[英]How to read multiple CSV files in Spring Batch to merge the data for processing?
I'm new to Spring Batch and trying to get some guidance for below requirement. 我是Spring Batch的新手,正在尝试获取有关以下要求的指南。
I've to get data from different systems, apply some business logic, save the result in DB. 我必须从不同的系统中获取数据,应用一些业务逻辑,并将结果保存在DB中。
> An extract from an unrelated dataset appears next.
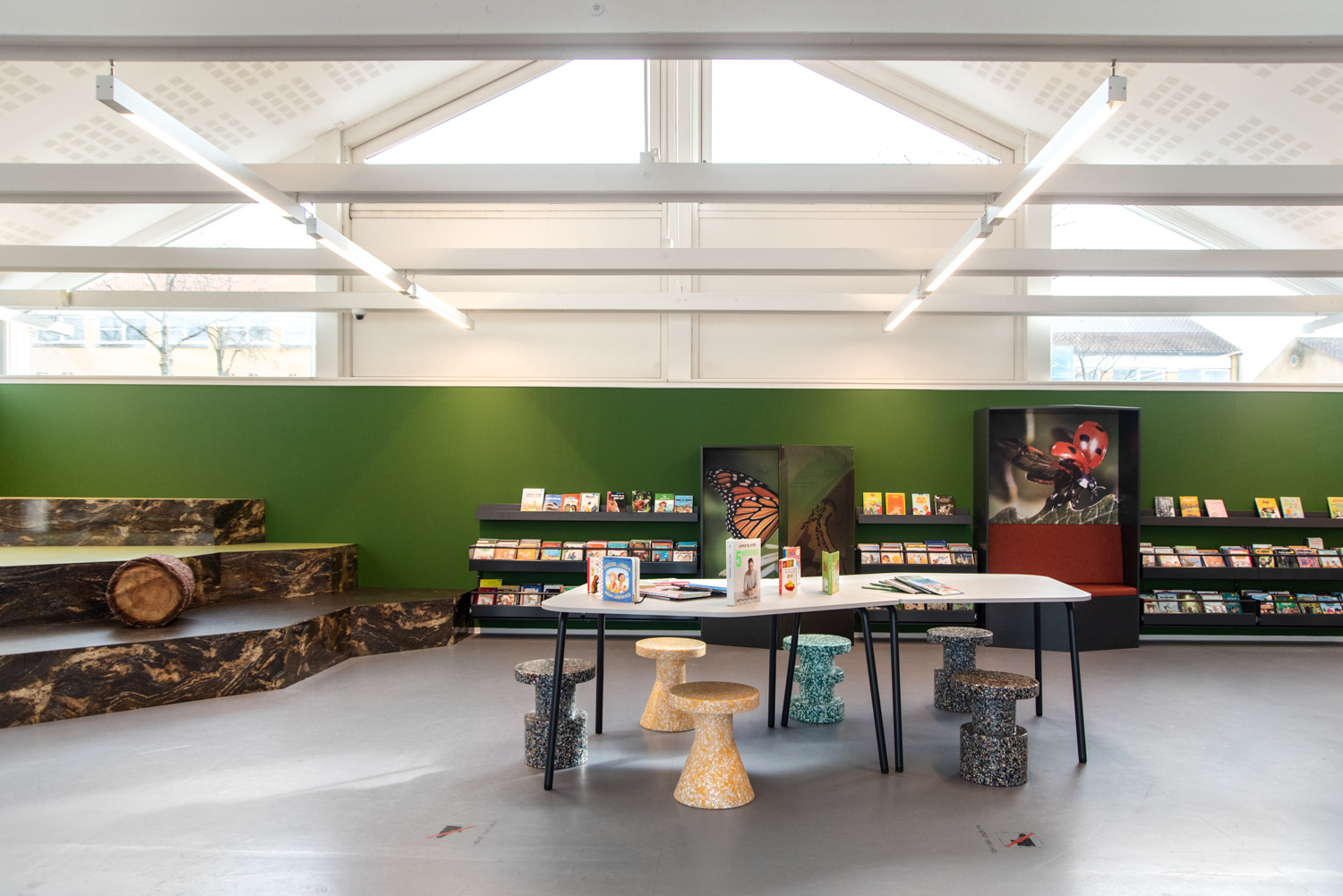 Les bacs à livres et les rayonnages existants ont été associés à des "niches" de lecture pentagonale, produites sur mesure, de manière à créer des univers organiques à l'intérieur de la salle. Un grand podium, joliment décoré pour l'heure du conte, est régulièrement investi par de petits ou grands groupes d'enfants. Tandis que les plus petits jouent sur le tapis sensoriel, d'autres profitent du calme dans le coin des assises souples et confortables.

Below is an example. 下面是一个例子。
I need to read data from 3 CSV files. 我需要从3个CSV文件中读取数据。 First file – person.csv – contains name and id Second File – address.csv – contains address info for each person. 第一个文件– person.csv –包含名称和ID。第二个文件– address.csv –包含每个人的地址信息。 One person can have zero or multiple addresses. 一个人可以有零个或多个地址。
Third File – employment.csv – contains employment info for each person. 第三个文件– Employment.csv –包含每个人的就业信息。 One person can have zero or multiple employers. 一个人可以有零个或多个雇主。
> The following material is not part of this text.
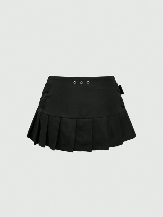 Grunge Buckle Asymmetrical Hem Pleated Skirt
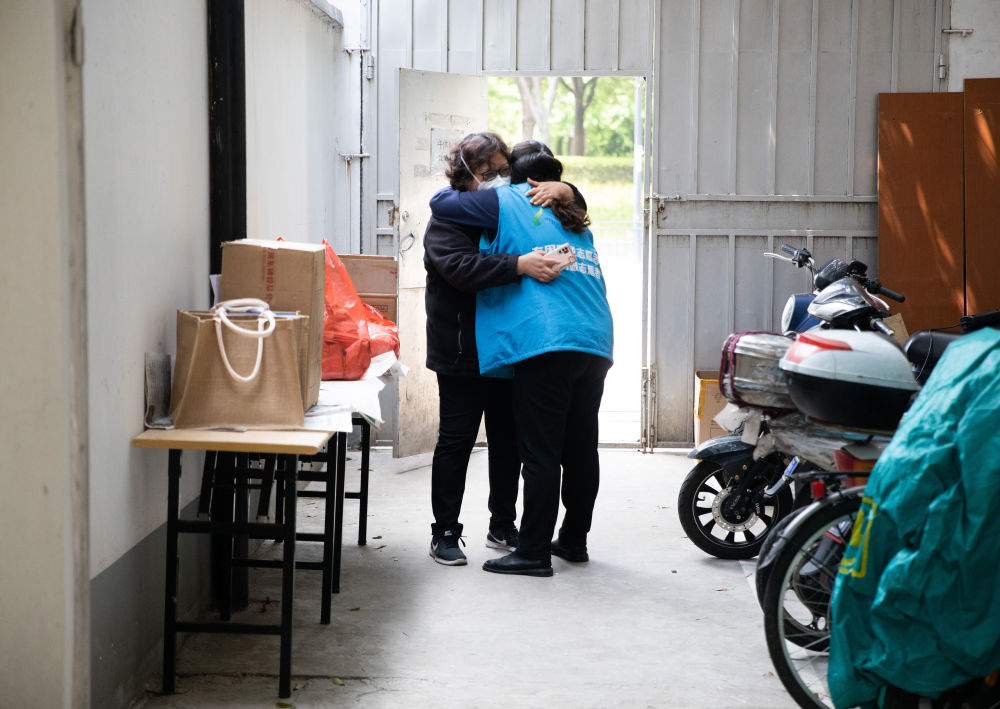 ↑4月17日,豫园街道宝带居民区党总支书记张萍(右)探望广福居民区党总支书记杨树萍,两人紧紧拥抱在一起。杨树萍安慰张萍:“我们拼命地干,一起努力,一定能把这个疫情控制住。”

Here is some sample. 这是一些示例。
"personID", "personName" “ personID”,“ personName”
1, Joey 1,乔伊
2, Chandler 2,钱德勒
3, Ross 3,罗斯
4, Monica 4,莫妮卡
"personID", "addressType", "state" “ personID”,“ addressType”,“ state”
1, residence, NY 纽约市1号住宅
1, mailing, NC 1,邮寄,数控
2, residence, NY 纽约市2号住宅
4, residence, NY 纽约市4号住宅
4, mailing, DC 4,邮寄,DC
"personID", "employerName" “ personID”,“ employerName”
1, emp1 1,emp1
2, emp2 2,emp2
2, emp3 2,emp3
3, emp4 3,emp4
Note: each file is sorted by person id. 注意:每个文件均按人员ID排序。
To apply the business logic, I need to merge the data for each person, ie, I need to merge person, address, employment data for one person to apply the logic. 要应用业务逻辑,我需要合并每个人的数据,即,我需要合并一个人的人,地址,就业数据以应用逻辑。 Can you suggest any approach for this. 您能为此建议任何方法吗?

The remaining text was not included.